AMD EPYC 9R14 (AWS c7a.4xlarge)

Threads Prefill pp128 (tok/s) Generation tg128 (tok/s)
1 520.96 7.67
2 492.16 14.56
4 513.08 25.42
8 529.36 40.49
10 523.91 44.86
16 521.59 52.49

Intel Xeon Platinum 8488C (AWS c7i.4xlarge)

Threads Prefill pp128 (tok/s) Generation tg128 (tok/s)
1 102.30 6.32
2 105.11 11.02
4 112.38 16.93
8 120.44 25.70
10 135.73 23.25
16 131.43 30.43

Apple M5 Max (MacBook Pro)

Apple M5 Scaling

Litespark-Inference scaling on Apple M5 Max. Prefill throughput continues scaling through 16 threads, while token generation gains quickly and then flattens out.

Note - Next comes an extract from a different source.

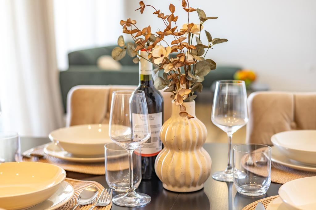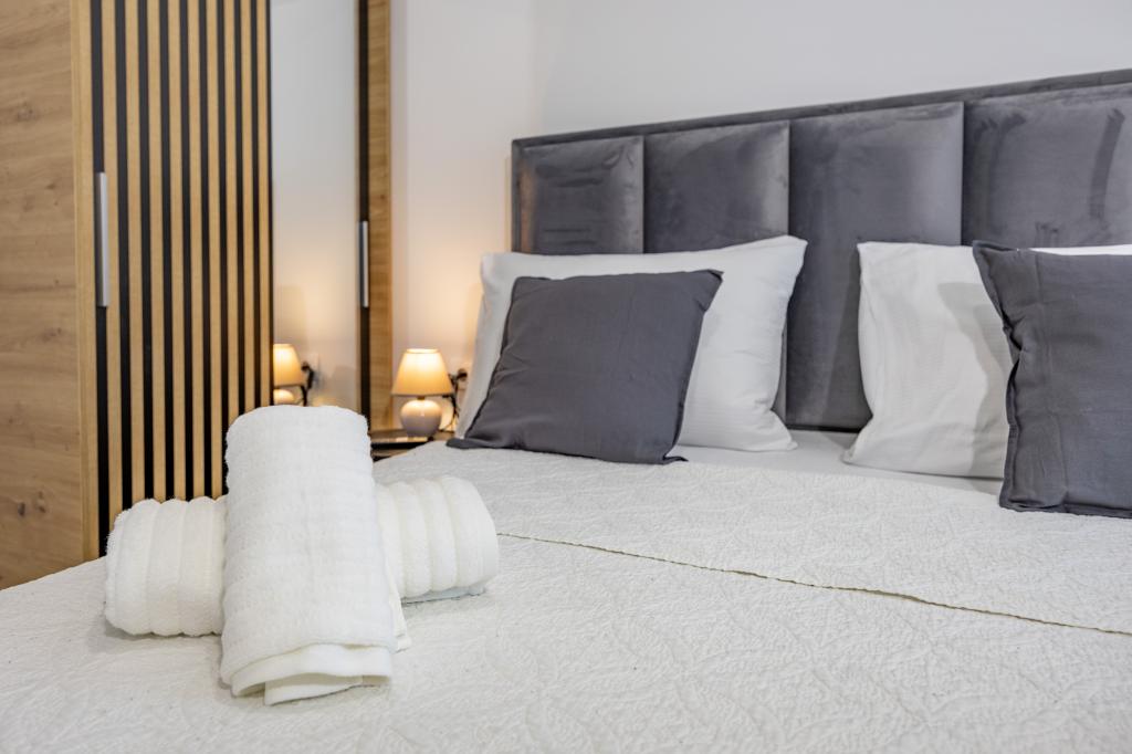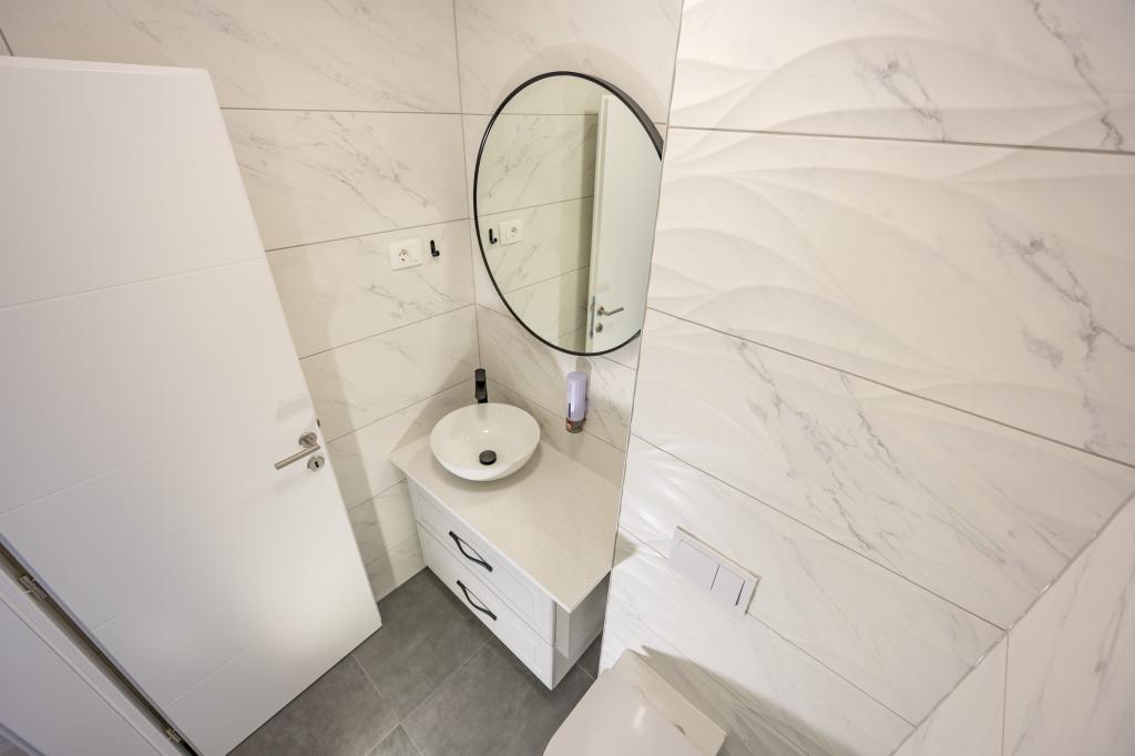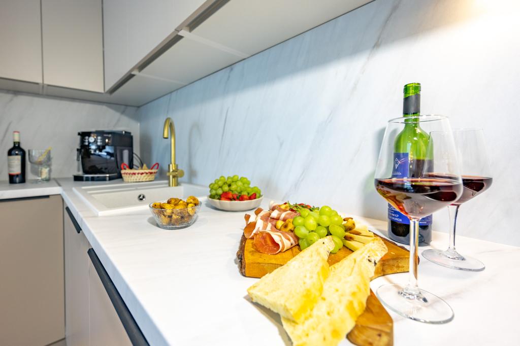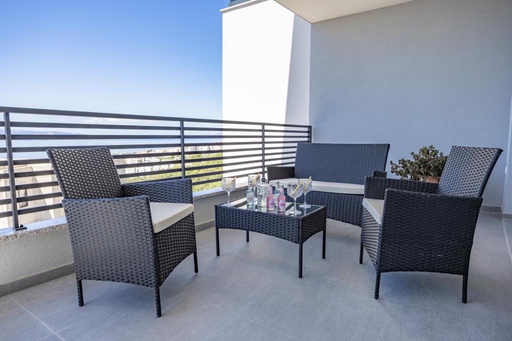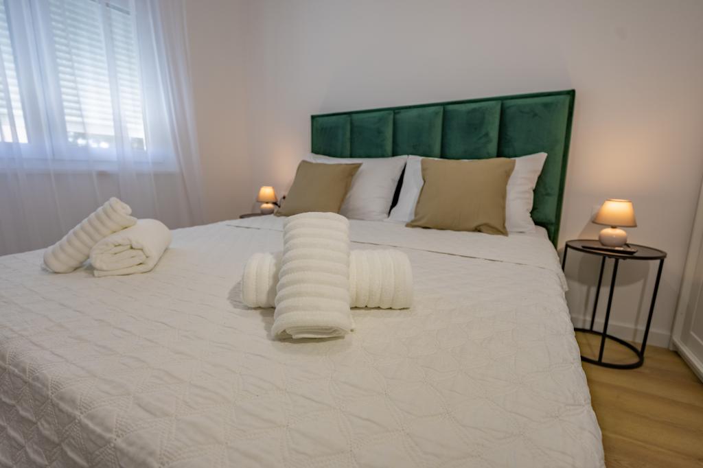 Jedes Apartment besticht durch modernes Design und ein frisch renoviertes Interieur. Im geräumigen Wohnzimmer, geschmackvoll mit Möbeln und modernen Details eingerichtet, werden Sie sich sofort wie zu Hause fühlen. Der offene Wohnbereich verbindet das Wohnzimmer nahtlos mit der voll ausgestatteten Küche, in der elegante Arbeitsplatten, hochwertige Geräte und ausreichend Platz zum Zubereiten Ihrer Lieblingsgerichte auf Sie warten. Vom Wohnbereich gelangen Sie auf einen schönen Balkon – der ideale Ort für den Morgenkaffee oder zum Entspannen am Abend bei einem Glas Wein und einem unvergesslichen Sonnenuntergang über der Adria. Jedes Apartment verfügt über zwei komfortable Schlafzimmer mit Doppelbetten, ausgestattet mit weicher Bettwäsche und viel Stauraum, ein modernes Badezimmer und ein separates WC. Die Apartments sind klimatisiert und komplett ausgestattet: TV/Sat, Internet, Waschmaschine, Geschirrspüler, Kaffeemaschine und alles, was Sie für einen angenehmen und unbeschwerten Aufenthalt benötigen.

Threads Prefill pp128 (tok/s) Generation tg128 (tok/s)
1 50.52 10.98
2 91.55 19.46
4 152.09 33.29
8 194.23 35.81
10 218.88 37.44
16 262.59 37.92

Supported Platforms

  • Apple Silicon (M1/M2/M3/M4/M5) — NEON SDOT instructions
  • Intel Ice Lake+ — AVX-512 VNNI instructions
  • AMD Zen4+ — AVX-512 VNNI instructions
  • Intel Core Ultra — AVX-VNNI (256-bit) instructions
  • AMD Zen 2–3 / pre-Skylake-X Intel — AVX2 + FMA fallback (256-bit, no VNNI fast path)

Installation

pip install litespark-inference

Requirements:

  • Python 3.10+
  • PyTorch 2.4+

macOS (recommended):

brew install libomp

OpenMP enables multi-threaded kernel execution. Without it, inference will run single-threaded.

The torchless runtime ships as a setuptools extension and is built during pip install. No JIT compile happens at first inference; you do need a C++ compiler available at install time (Xcode CLT on macOS, build-essential on Linux).

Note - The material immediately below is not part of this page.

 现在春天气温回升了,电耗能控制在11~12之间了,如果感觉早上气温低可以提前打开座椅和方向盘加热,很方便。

From source (development):

git clone https://github.com/Mindbeam-AI/Litespark-Inference.git
cd Litespark-Inference
pip install -e .

An editable install lets you modify the Python runtime and kernels in place. The native extension still builds at install time, so re-run pip install -e . after changing the C++ kernel sources.

Torchless Runtime

litespark-inference ships with a torchless runtime for the supported BitNet and Falcon Edge models. It reads safetensors directly, stores ternary weights in the native packed format used by the SIMD kernels, owns the KV cache, and does not import torch for inference. The CLI dispatches to it automatically:

litespark-inference generate "Hello, how are you?"
# [litespark-inference] torchless runtime (model=bitnet-2b).

Or invoke the torchless CLI directly:

python -m litespark_inference.torchless generate "Hello, how are you?" --max-tokens 32 --raw
python -m litespark_inference.torchless info

Headline numbers vs the PyTorch baseline (Apple Silicon M5 Max, bitnet-2b)

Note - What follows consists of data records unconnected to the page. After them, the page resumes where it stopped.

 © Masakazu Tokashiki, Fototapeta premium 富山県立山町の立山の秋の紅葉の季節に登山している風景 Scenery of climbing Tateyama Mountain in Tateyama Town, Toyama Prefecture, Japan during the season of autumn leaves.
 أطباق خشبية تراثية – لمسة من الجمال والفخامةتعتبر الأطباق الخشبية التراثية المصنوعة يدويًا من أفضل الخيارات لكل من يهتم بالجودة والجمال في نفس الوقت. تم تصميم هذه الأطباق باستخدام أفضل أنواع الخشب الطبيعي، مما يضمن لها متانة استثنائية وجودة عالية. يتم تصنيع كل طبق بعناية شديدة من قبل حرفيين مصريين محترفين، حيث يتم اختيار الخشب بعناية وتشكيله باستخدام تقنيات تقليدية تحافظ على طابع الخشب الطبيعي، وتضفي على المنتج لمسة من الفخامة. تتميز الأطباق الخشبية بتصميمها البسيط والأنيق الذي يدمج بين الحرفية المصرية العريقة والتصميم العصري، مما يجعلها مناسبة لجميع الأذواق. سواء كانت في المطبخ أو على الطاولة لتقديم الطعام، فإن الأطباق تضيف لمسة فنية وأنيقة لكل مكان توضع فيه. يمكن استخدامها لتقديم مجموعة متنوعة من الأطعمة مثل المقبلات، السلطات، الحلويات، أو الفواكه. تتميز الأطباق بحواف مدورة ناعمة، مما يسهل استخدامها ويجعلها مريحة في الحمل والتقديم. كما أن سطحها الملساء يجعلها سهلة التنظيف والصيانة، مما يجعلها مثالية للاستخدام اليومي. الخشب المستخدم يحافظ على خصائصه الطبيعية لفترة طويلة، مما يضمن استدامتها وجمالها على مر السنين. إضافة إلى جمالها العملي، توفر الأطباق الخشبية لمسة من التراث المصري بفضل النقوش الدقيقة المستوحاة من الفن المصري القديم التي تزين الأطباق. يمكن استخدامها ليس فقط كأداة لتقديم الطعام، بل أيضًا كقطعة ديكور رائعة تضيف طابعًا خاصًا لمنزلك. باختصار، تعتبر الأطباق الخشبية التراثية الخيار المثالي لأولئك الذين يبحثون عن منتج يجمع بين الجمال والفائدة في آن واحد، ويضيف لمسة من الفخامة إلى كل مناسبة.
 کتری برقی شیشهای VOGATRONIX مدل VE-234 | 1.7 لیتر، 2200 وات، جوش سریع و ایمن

Same prompt, same workload (pp128 + tg128), measured with litespark-benchmark --inference --pytorch:

Metric PyTorch bf16 Litespark torchless (int4) Speedup
Peak RSS 4,868.22 MB 806.81 MB 6.03×
TTFT (pp128) 4.21 s 0.59 s 7.15×
Throughput (tg128) 2.20 tok/s 39.92 tok/s 18.15×

Torchless generation is greedy-only today. Sampling flags are accepted by the CLI for compatibility but ignored on torchless routes; set LITESPARK_FORCE_TORCH=1 to force the legacy torch-backed path when sampling is required.

Usage

Supported Models

  • bitnet-2b
  • falcon-edge-1b
  • falcon-edge-1b-instruct
  • falcon-edge-3b
  • falcon-edge-3b-instruct

Command Line

# Generate text with the default BitNet model
litespark-inference generate "The meaning of life is"

# Generate text with Falcon Edge instruct
litespark-inference generate "What is the capital of France?" --model falcon-edge-1b-instruct

# Interactive chat with Falcon Edge instruct
litespark-inference chat --model falcon-edge-1b-instruct

# Run benchmark on your hardware
litespark-inference benchmark

# Show system info and detected SIMD capabilities
litespark-inference info

Python API

The torchless runtime is the recommended path — pure numpy plus the native SIMD kernels, with no torch import at inference.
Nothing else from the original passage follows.